[Python-Dev] PEP 463: Exception-catching expressions

Chris Angelico rosuav at gmail.com
Sat Feb 22 04:42:30 CET 2014


On Sat, Feb 22, 2014 at 6:04 AM, Yury Selivanov <yselivanov.ml at gmail.com> wrote:
>> * seq[index] - no way to handle a bounds error
>
> We can add 'list.get(index, default)' method, similar to
> 'Mapping.get'. It's far more easier than introducing new
> syntax.

That fixes it for the list. Square brackets notation works for any
sequence. Are you proposing adding magic to the language so that any
class that defines a __getitem__ automatically has a .get() with these
semantics? Or, conversely, that defining __getitem__ requires that you
also explicitly define get()?

> Inconvenience of dict[] raising KeyError was solved by
> introducing the dict.get() method. And I think that
>
> dct.get('a', 'b')
>
> is 1000 times better than
>
> dct['a'] except KeyError: 'b'
>
> I don't want to see this (or any other syntax) used by
> anyone.

Every separate method has to be written. That's code that has to be
tested, etc. Also, when you go searching for usage of something, you
have to cope with the fact that it can be spelled two different ways.
This is more noticeable with attributes:

print(spam.eggs)
# versus
print(getattr(spam,"eggs","(no eggs)")

The second one definitely doesn't look like it's retrieving spam.eggs,
either in plain text search or in an AST walk. I would like to see
getattr used primarily where the second argument isn't a literal, and
an exception-catching rig used when a default is wanted; that keeps
the "x.y" form predictable.

> Moreover, I think that explicit handling of IndexError is
> rather ugly and error prone, using len() is usually
> reads better.
>>
>> Retrieve an argument, defaulting to None::
>>          cond = args[1] except IndexError: None
>>
>>          # Lib/pdb.py:803:
>>          try:
>>              cond = args[1]
>>          except IndexError:
>>              cond = None
>
>
> cond = None if (len(args) < 2) else args[1]

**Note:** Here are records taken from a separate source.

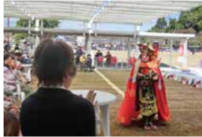
盛り上がりました！変面ショー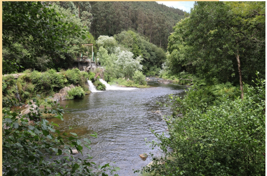
O Eo na presa da Central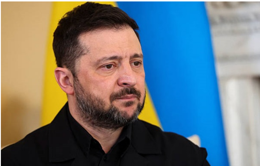
Президент України Володимир Зеленський

Людям необхідний Великдень без воєнних загроз, а для Росії цей період є шансом продемонструвати реальне прагнення до миру, зауважив український лідер.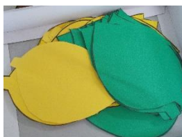
計画委員会企画 「ふわふわ言葉を 全校に広める取組」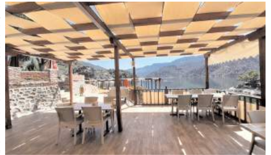
OKA "Oğuzlar Belediyesi Turizm Çalışanlarını Eğitiyor" başlıklı projeyi hayata geçirdi.

OKA Turizmin Geliştirilmesine Yönelik Teknik Destek Programına başvurular devam ediyor. Program ile ilgili sorular marka@oka.org.tr adresine iletililebilir veya 03624312400 nolu telefonda ulaşılabılır. (İHA)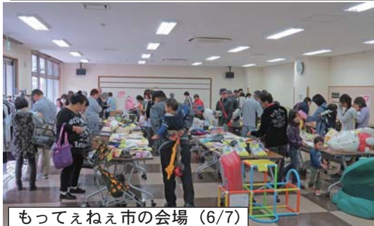
もってえねえ市の会場 (6/7)

中込商店街のお得情報・お役立ち情報をお届けします。 来週は8/24(日)に「まちゼミ」のチラシをお届けします。 本紙ネット版も商店会サイトに掲載しています。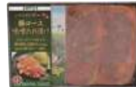
美保野グリーン牧場(株) 冷凍 八戸美保野ポーク 豚ロース味噌たれ漬け (3枚入) 【19-008】 1,080円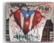
Figura 31. Graffiti de un corazón con los colores de la bandera de Puerto Rico.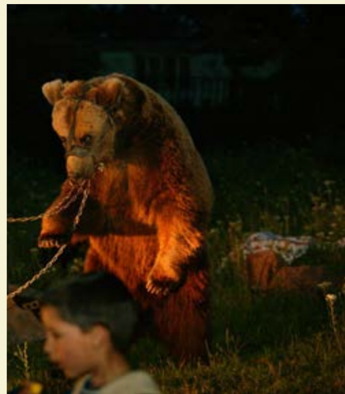
Години наред мечките са страдали от жестоката практика

Паркът е не само прекрасен дом за мечките, а и място, което е отворило вратите си за малки и големи. Той образова своите посетители за правата на животните по най-добрия възможен начин – като им поз-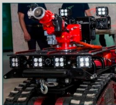
TOURELLE VIDÉO 320°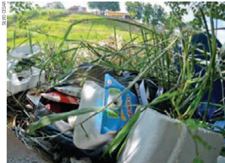
Sujeira - Acúmulo de plásticos e garrafas é um criadouro em potencial

cidades analisadas estão em situação de risco ou alerta. A situação é muito grave pelo País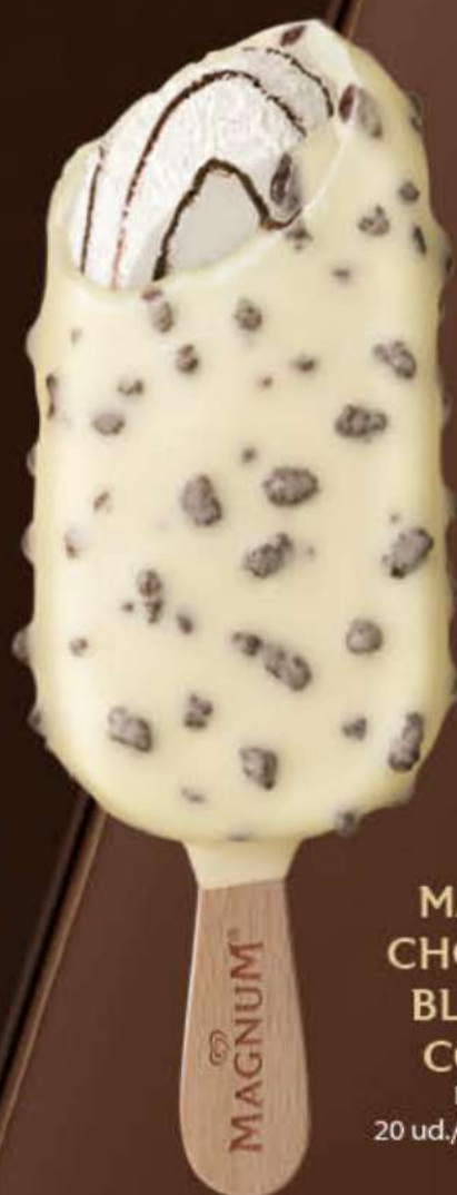
MAGNUM CHOCOLATE BLANCO & COOKIES Ref.: 69162 20 ud./caja-90 ml · 74 g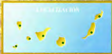
Ilustración: C. de la Fuente & C. de la Fuente Mapa: C. de la Fuente & C. de la Fuente Diseño: C. de la Fuente & C. de la Fuente Impresión: C. de la Fuente & C. de la Fuente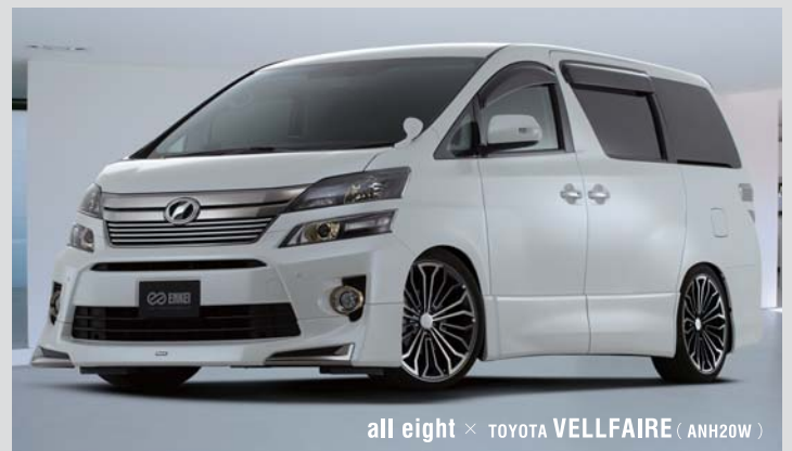
all eight × TOYOTA VELLFAIRE (ANH20W)

There's a distinct difference between those: one is LBYL and the other
is EAFP. Maybe it won't matter with retrieving arguments, but it will
if you're trying to pop from a queue in a multi-threaded program.

>> Attempt a translation, falling back on the original::
>>          e.widget = self._nametowidget(W) except KeyError: W
>>
>>          # Lib/tkinter/__init__.py:1222:
>>          try:
>>              e.widget = self._nametowidget(W)
>>          except KeyError:
>>              e.widget = W
>
> I'm not sure this is a good example either.
> I presume '_nametowidget' is some function,
> that might raise a KeyError because of a bug in
> its implementation, or to signify that there is
> no widget 'W'. Your new syntax just helps to work
> with this error prone api.

I don't know the details; this is exactly what you can see in tkinter
at the file and line I point to. Maybe some of these are highlighting
other problems to be solved, I don't know, but certainly there will be
cases where the API is exactly like this.

>> Read from an iterator, continuing with blank lines once it's
>> exhausted::
>>          line = readline() except StopIteration: ''
>>
>>          # Lib/lib2to3/pgen2/tokenize.py:370:
>>          try:
>>              line = readline()
>>          except StopIteration:
>>              line = ''
>
> Handling StopIteration exception is more common in standard
> library than IndexError (although not much more), but again,
> not all of that code is suitable for your syntax. I'd say
> about 30%, which is about 20-30 spots (correct me if I'm
> wrong).

I haven't counted them up, but it wouldn't be hard to. Probably not
terribly many cases of this in the stdlib, but a reasonable few.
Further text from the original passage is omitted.